1. We invoke the law of excluded middle: $$\vdash q \lor \lnot q$$

2. By conjunction introduction and modus ponens, $$(p \land \lnot q) \to r, p, \lnot q \dashv r$$ and by disjunction introduction, $$(p \land \lnot q) \to r, p, \lnot q \vdash q \lor r$$

3. By identity and disjunction introduction, $$(p \land \lnot q) \to r, p, q \vdash q \lor r$$

4. By disjunction elimination, $$(p \land \lnot q) \to r, p \vdash q \lor r$$ and by conditional proof, $$(p \land \lnot q) \to r \vdash p \to (q \lor r)$$ as required.

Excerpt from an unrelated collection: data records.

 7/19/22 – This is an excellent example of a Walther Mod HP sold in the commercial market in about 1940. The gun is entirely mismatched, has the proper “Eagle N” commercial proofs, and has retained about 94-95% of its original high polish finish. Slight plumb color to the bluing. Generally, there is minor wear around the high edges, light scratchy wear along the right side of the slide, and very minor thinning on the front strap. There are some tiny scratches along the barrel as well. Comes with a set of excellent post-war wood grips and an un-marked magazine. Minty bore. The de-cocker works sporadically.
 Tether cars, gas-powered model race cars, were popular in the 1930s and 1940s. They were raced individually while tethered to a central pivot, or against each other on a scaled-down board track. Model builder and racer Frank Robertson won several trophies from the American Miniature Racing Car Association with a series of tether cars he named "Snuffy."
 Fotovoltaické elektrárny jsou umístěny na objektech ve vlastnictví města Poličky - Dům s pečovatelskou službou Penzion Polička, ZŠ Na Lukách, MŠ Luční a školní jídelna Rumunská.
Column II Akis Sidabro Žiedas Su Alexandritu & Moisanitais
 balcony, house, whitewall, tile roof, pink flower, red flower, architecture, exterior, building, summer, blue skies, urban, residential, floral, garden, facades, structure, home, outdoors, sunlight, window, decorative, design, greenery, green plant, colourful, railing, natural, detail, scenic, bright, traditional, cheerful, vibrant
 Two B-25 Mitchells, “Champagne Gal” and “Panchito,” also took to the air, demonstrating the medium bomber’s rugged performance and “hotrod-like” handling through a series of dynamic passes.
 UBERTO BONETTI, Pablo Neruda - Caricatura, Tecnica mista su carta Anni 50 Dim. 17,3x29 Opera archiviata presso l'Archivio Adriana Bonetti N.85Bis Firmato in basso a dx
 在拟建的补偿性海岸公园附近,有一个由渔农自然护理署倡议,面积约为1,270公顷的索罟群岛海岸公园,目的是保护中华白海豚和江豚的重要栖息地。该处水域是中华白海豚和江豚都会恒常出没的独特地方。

Amusingly, the converse $$p \to (q \lor r) \vdash (p \land \lnot q) \to r$$ is true even in intuitionistic logic. Indeed:

1. By conjunction elimination and modus ponens, $$p \to (q \lor r), p \land \lnot q \vdash q \lor r$$

2. By conjunction elimination and identity, $$p \to (q \lor r), p \land \lnot q \vdash \lnot q$$ so by modus ponens, $$p \to (q \lor r), p \land \lnot q, q \vdash \bot$$ but ex falso quodlibet, so: $$p \to (q \lor r), p \land \lnot q, q \vdash r$$

3. By identity, $$p \to (q \lor r), p \land \lnot q, r \vdash r$$

4. By disjunction elimination, $$p \to (q \lor r), p \land \lnot q \vdash r$$ whence, by conditional proof, $$p \to (q \lor r) \vdash (p \land \lnot q) \to r$$ as claimed.